È Valerio Masi, nella specialità k1, il primo a conquistare il prestigioso titolo. Il livornese vince e convince, portando sul ring tanta determinazione e forza di volontà, in un match condotto dall’inizio alla fine mettendo sempre in difficoltà l’avversario, attaccandolo con calci frontali e colpi dritti di braccia precisi e potenti. Questa vittoria potrebbe spalancargli le porte della nazionale.

Titolo italiano anche per Fidelis Garba.

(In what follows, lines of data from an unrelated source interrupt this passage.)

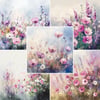 Watercolor Spring Flower Field Background, Digital Floral Paper Pack
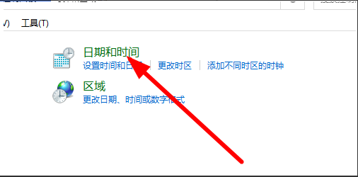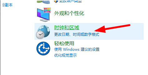 4.打开控制面板,点击其中的"时钟和区域"选项。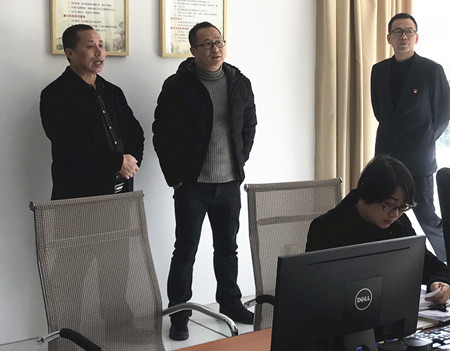 圖為集團副總經理章海峰一行在監控室檢查監控設備
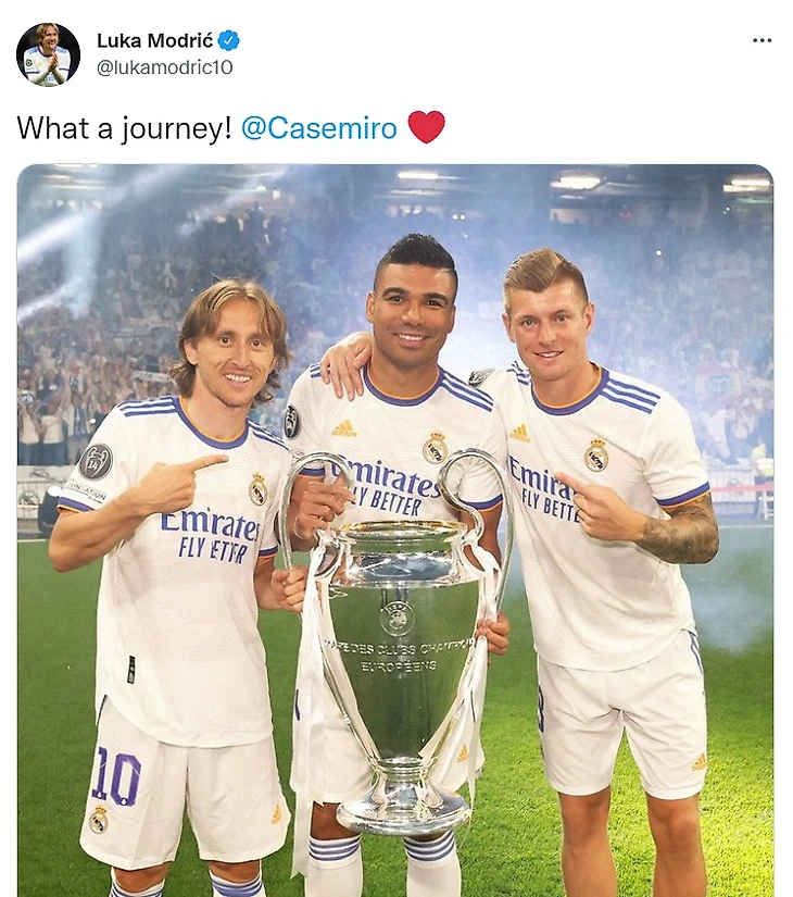 Некоторые обратили внимание, что на церемонии не было Луки Модрича, партнера Каземиро по одному из лучших трио в истории футбола.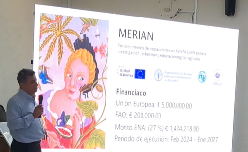 El proyecto MERIAN, financiado por la Unión Europea y ejecutado por FAO y UIT tiene como objetivo principal fortalecer las capacidades de investigación, extensión y educación digital agrícola en la Escuela Nacional de Agricultura, ENA y Centro Nacional de Tecnología Agropecuaria y Forestal, CENTA. Se desarrollará en un período de ejecución de febrero 2024 a enero 2027.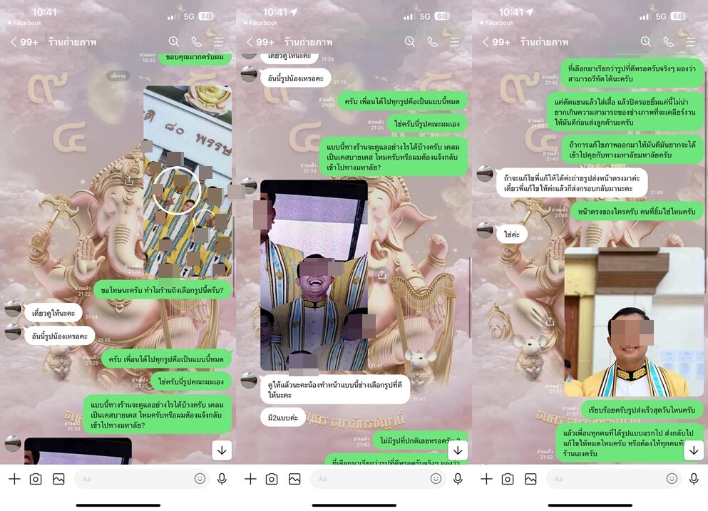 เจ้าของโพสต์จึงทักไปสอบถามร้าน ว่าทำไมถึงเลือกรูปนี้ให้ ก่อนทางร้านจะแจ้งว่าเป็นรูปที่หน้าทุกคนดีสุดแล้ว ทำเจ้าของโพสต์เดือดสุด ๆ วีนร้านไปว่า "เลือกมาเรียกว่ารูปที่ดีหรอครับจริง ๆ มองว่า สามารถรีทัชได้นะครับ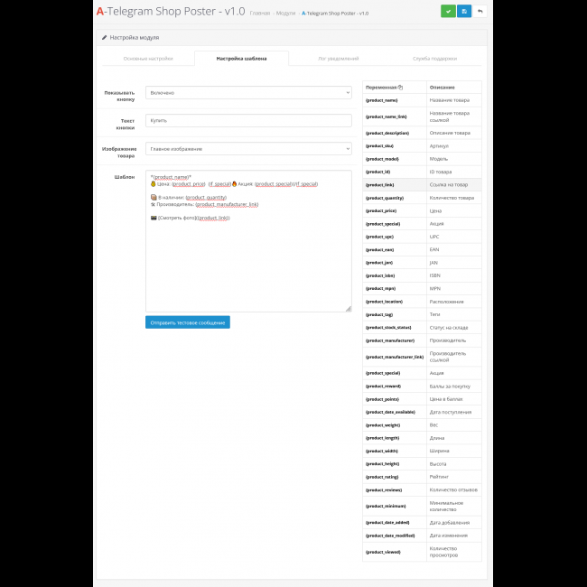 - Настраиваемый шаблон сообщения: можно создать собственный текст с поддержкой переменных {product_name}, {product_price}, {product_special}, {product_quantity}, {product_manufacturer}, {product_description}, {product_name_link} и других базовых полей товара.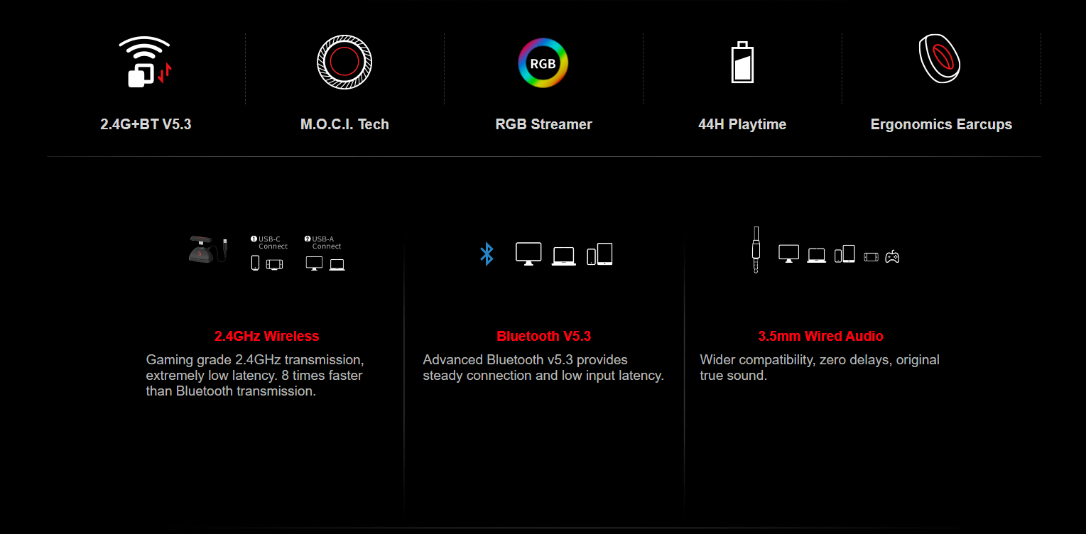 | Connection Mode | ① 2.4GHz Wireless ② Bluetooth v5.3 ③ 3.5mm Wired Audio |

Anche per lui un incontro dominato fin dall’inizio, dove il giovane portacolori “Rendoki”, colpendo il contendente con forti diretti al volto chiusi da potenti calci bassi, costringe l’arbitro a contare per ben due volte l’avversario.

Si arrende in finale invece Gabriele Pierini che, nonostante una buona seconda ripresa, non riesce a recuperare lo svantaggio accumulato nella prima, ottenendo comunque una medaglia d’argento alla sua prima esperienza ai campionati italiani.

Da segnalare anche la vittoria di Daniele Sanna, altro giovane molto interessante che dopo aver vinto in bello stile le fasi regionali e interregionali del torneo, non trova purtroppo avversari in categoria, e si aggiudica il titolo senza combattere. Stessa sorte per Giacomo Sarti e per Sara Marcacci.

“Non posso che ritenermi soddisfatto del lavoro svolto da questi ragazzi” – Massimo Rizzoli, direttore tecnico “Rendoki” – “I ragazzi mostrano continui miglioramenti, consapevoli che comunque hanno ancora tanto da lavorare. Per fortuna dalla loro hanno tanta passione e determinazione, fondamentali per riuscire in questo sport”.

Livorno, 23 aprile 2011

Carlo Fantoni

Addetto Stampa “Rendoki Fight Dojo”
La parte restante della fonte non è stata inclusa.